- Directed by: William Marsh
- Written by: Martin Amis William Marsh
- Produced by: Richard Holmes Neil Peplow Ben Hilton
- Starring: Paul Bettany Olivia Williams Katy Carmichael Hayley Carr Charlie Condou Alexandra Gilbreath
- Cinematography: Daniel Cohen
- Edited by: Eddie Hamilton
- Music by: Marvin Beaver Mark Pember
- Distributed by: Redbus Film Distribution
- Release date: 2000;
- Running time: 101 minutes
- Country: United Kingdom
- Language: English

= Dead Babies (film) =

Dead Babies (Mood Swingers for US release) is a 2000 British film directed by William Marsh. It is based on the 1975 novel of the same name by Martin Amis.

== Plot ==
When a group of young English friends, living together in a bizarre house just outside of London, invite three Americans over for a drug-fuelled weekend, things really kick off.
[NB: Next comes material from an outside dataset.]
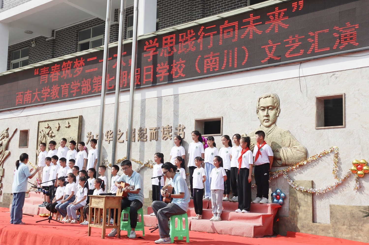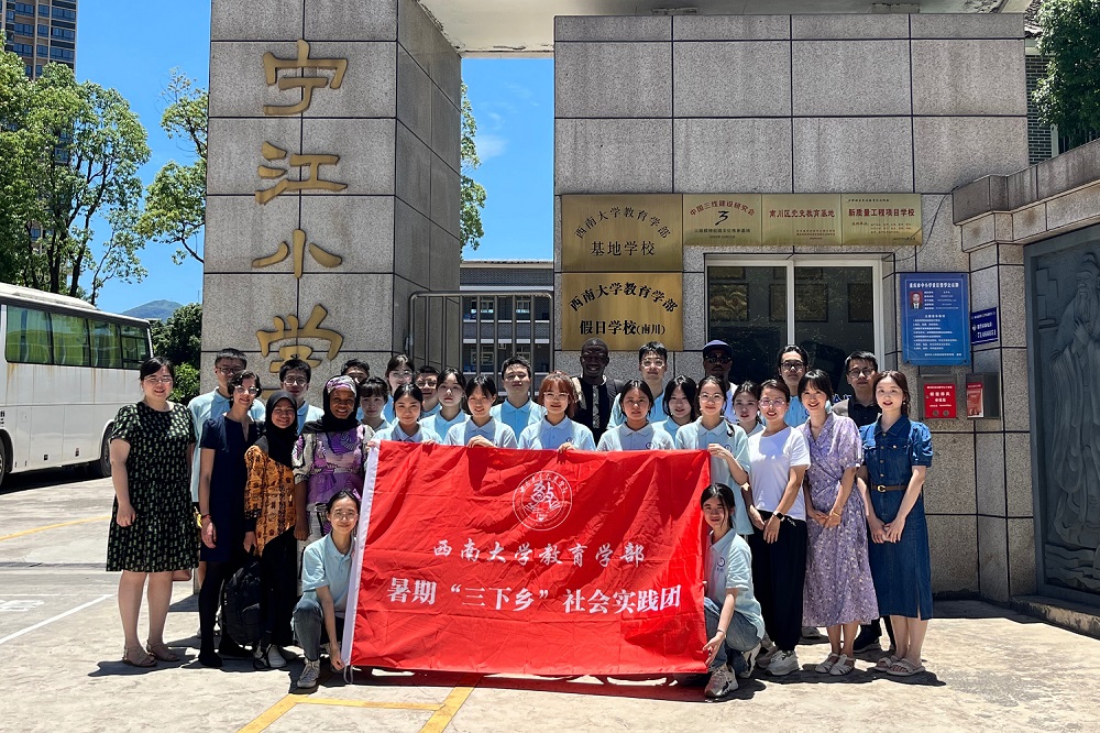 为深入学习贯彻党的二十大精神,落实立德树人根本任务,培养新时代“四有青年”,7月5日至7月13日,教育学部组织由4位教师、26位本科生和5位留学生组成的实践服务团深入重庆市南川区水江镇宁江小学,开展以“青春筑梦二十大,学思践行向未来”为主题的教育学部假日学校(南川)暑期“三下乡”社会实践活动,面向一百余名二到五年级小学生开展包括STEAM科学课程、艺术类课程、美育课程以及信息素养提升活动等系列综合设计课程及活动。

As the two cultures collide and the chemicals take over, it soon becomes apparent that one of the weekend guests is a member of a newly formed net-based terrorist group, The Conceptualists, whose underlying principle is extreme violence for its own sake.

It also becomes apparent that the assembled guests are the next intended victims for the group's website.

==Cast==
- Paul Bettany as Quentin
- Katy Carmichael as Lucy Littlejohn
- Hayley Carr as Roxanne
- Charlie Condou as Giles
- Alexandra Gilbreath as Cecilia
- William Marsh as Marvel
- Kris Marshall as Skip
- Andy Nyman as Keith
- Cristian Solimeno as Andy
- Olivia Williams as Diana

==Reception==
===Critical reception===
The film, which was badly received, was reviewed in the British newspaper The Guardian which described it as "boring, embarrassing, nasty and stupid - and not in a good way".